# LED strip project help



## gt58 (Nov 15, 2014)

whatsup all. new to forum trying to find some help. I have a 1M led strip that I would like to turn on automatically whenever i open my closet door. I was wondering if there was some spring loaded switch that completed the circuit when the button was not pressed in (if it were closed). im thinking the button would be hidden and whenever i opened my closet the led strip would turn on. is there even a switch like this that isnt too expensive?

thanks!!


----------



## CoveAxe (Nov 15, 2014)

Could you provide more information? What kind of light is it? Is it running on 120V?

The general answer is yes, there are lots of accessories and switches that do what you are asking, but I can't recommend anything without knowing more detail.


----------



## gt58 (Nov 15, 2014)

its a basic 12 volt led strip.


----------



## CoveAxe (Nov 16, 2014)

You're still being sparse with information, but based on what you're saying, something like this should work well and requires a minimum of wiring and setup. I use something similar for my closet.

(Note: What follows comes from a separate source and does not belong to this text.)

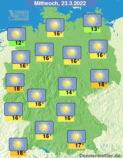 Am Mittwoch wird es verbreitet sonnig, dabei bleibt es trocken. Die Höchstwerte erreichen 12 Grad an der Nordseeküste und bis 18 Grad in Freiburg.
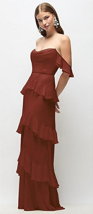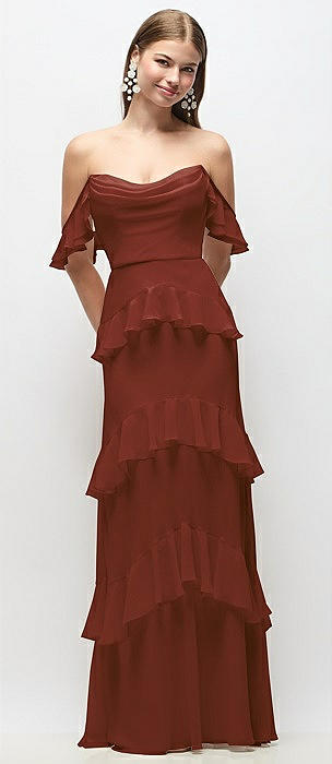 Off-the-Shoulder Cowl Chiffon Tiered Ruffle Maxi Dress with Convertible Ruffle Straps in auburn moon

You could also use a Reed switch that is really close to the door and then put a magnet on the door to actuate it. Or if you insist on a limit switch, this should work OK too.


----------



## gt58 (Nov 18, 2014)

sorry if what im explaining is not coming across easily. this is my first project of the kind. this https://www.superbrightleds.com/mor...ntelligent-pir-motion-sensor-switch/969/2371/ looks like a good option but i was wondering where i could get the 12 volt power supply to plug into the sensor for cheap. also will i be able to cut the sensors 12 volt out and find 2 wires that i could solder up to my led strip. or is there some kind of adapter that does 12v female to 2 wires coming out?

thank you for your help.


----------



## FRITZHID (Nov 18, 2014)

Look for older alarm system reed switches. The come in 3 types. Normally Open (n.o.), Normally Closed (n.c.) and some come with both options (n.c./n.o.). 
They have screw terminals and mounting holes for the switch and magnet. 
I installed a set like this in my wife's closet about 2 yrs ago, works like a charm.


----------



## mds82 (Nov 18, 2014)

If you have AC power in the closet then you can plug in a AC to 12vdc converter. From there you can install a switch like this on the door: http://www.radioshack.com/spdt-switch-with-3-4-roller-lever/2750017.html#sz=60&start=37 I dont know how that one operates, but when the door is open the switch would need to be open, and then when you close the door on the switch it would break the circuit and the power strip would turn off. This is what i did and i bought a very simple switch at Radio Shack . Make sense?


----------



## CoveAxe (Nov 18, 2014)

> i was wondering where i could get the 12 volt power supply to plug into the sensor for cheap



 You mean these?



> also will i be able to cut the sensors 12 volt out and find 2 wires that i could solder up to my led strip. or is there some kind of adapter that does 12v female to 2 wires coming out?



You should be able to, but again, without more details, it's difficult to say for sure.


----------



## gt58 (Nov 20, 2014)

i actually went with a spdt switch 
http://www.ebay.com/itm/130733035531
i figure it will probably take 2 weeks to get here from china. i rummaged through my house and found a 12 volt power supply. its reading out at 12.2 volts so i think that will be okay for the led strip. I'll probably buy some 18 or 20 gauge copper ofc wire to hook it all up.


----------